DALLAS - As other large states struggle to maintain their credit ratings, Texas has earned an upgrade from Standard & Poor's, climbing one notch to AA-plus from AA.

The new rating came as the state was pricing $450 million of general obligation bonds through the Texas Public Finance Authority yesterday. The Texas Transportation Commission is also preparing to issue $1.1 billion of general obligation bonds next week.

"It helped," said Noe Hinojosa, president and chief executive of Estrada Hinojosa & Co., a co-manager on the TPFA deal.

On the $180 million Build America Bonds portion of yesterday's TPFA deal, spreads came in at about 160 basis points over Treasuries, he said. That compares to 135 basis points in a triple-A Chicago bond deal that Hinojosa believes is the lowest. Spreads have been typically 185 to 200 basis points he said.

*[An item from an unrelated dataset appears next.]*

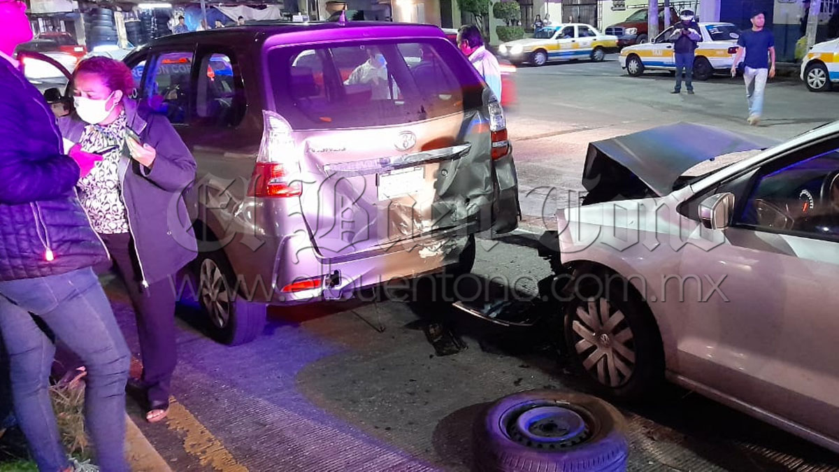 Córdoba, Ver.- Un aparatoso choque y carambola fue el que se registró la noche de este lunes, al chocar por alcance un vehículo Volkswagen-Vento cuyo conductor al circular a exceso de velocidad se impactó contra una camioneta Avanza a la cual proyectó contra el taxi 1579 presentando las unidades severos daños materiales, quedando sobre el carril de alta velocidad, al momento de circular sobre el bulevar Miguel Alemán, a la altura de la calle 31 en la colonia Huilango.

"That's one of the lowest spreads we've seen in a BAB deal, and the AA-plus had a good impact," he said. "For the Southwest, this has been one of the lowest, if not the lowest."

The upgrade puts Texas within one notch of triple-A Florida, which carries a negative outlook from Standard & Poor's. Florida's outlook shifted to negative from stable Jan. 14.

Financially troubled California is rated A by Standard & Poor's with a negative outlook after a downgrade from A-plus on Feb. 2. New York's double-A rating with stable outlook was affirmed March 2.

Texas, initially rated AAA by Standard & Poor's in 1961, has been downgraded but never upgraded by the agency. It has not carried a rating of AA-plus since 1987.

Analysts also raised the rating on Texas' appropriation debt, primarily issued by the Texas Public Finance Authority, to AA from AA-minus. The outlook on all ratings remains stable.

"The ratings continue to reflect our opinion of the state's large and steadily diversifying economy, which despite the recession continues to perform better than the nation in terms of both economic activity and employment," said Standard & Poor's credit analyst Horacio Aldrete-Sanchez. "Furthermore, we expect that the Texas economy will recover earlier and at a faster rate than most other states given its continued population growth and relatively low cost of doing business, which we expect will contribute to gradual employment gains in 2010, particularly in the health, education, and services sectors."

Fitch Ratings had already placed Texas at AA-plus, with Moody's Investors Service providing an equivalent Aa1.

Gov. Rick Perry, who is running for re-election next year against U.S. Sen. Kay Bailey Hutchison, has made the Texas business climate the cornerstone of his campaign.

Citing reports that 70% of all new U.S. jobs in 2008 were created in Texas and that the state is home to more Fortune 500 companies than any other, Perry attributed the relatively healthy economy to "holding the line on taxes, having a reasonable regulatory structure and offering economic development incentives such as the Texas Enterprise Fund and Texas Emerging Technology Fund."

Standard & Poor's applauded the state's low tax-supported debt burden.

The state's biennial budget maintains a rainy-day fund of $6.7 billion representing about 9% of fiscal 2009 expenditures. The reserve gives the state flexibility to deal with liquidity pressures involving school funding and other issues, analysts noted.

Potential downsides include the state's reliance on the energy sector, analysts observed.

"Despite the continued diversification of Texas' economy, the energy sector remains one of the state's main economic drivers, which in our opinion increases the potential for revenue and employment volatility in the medium term," the report noted.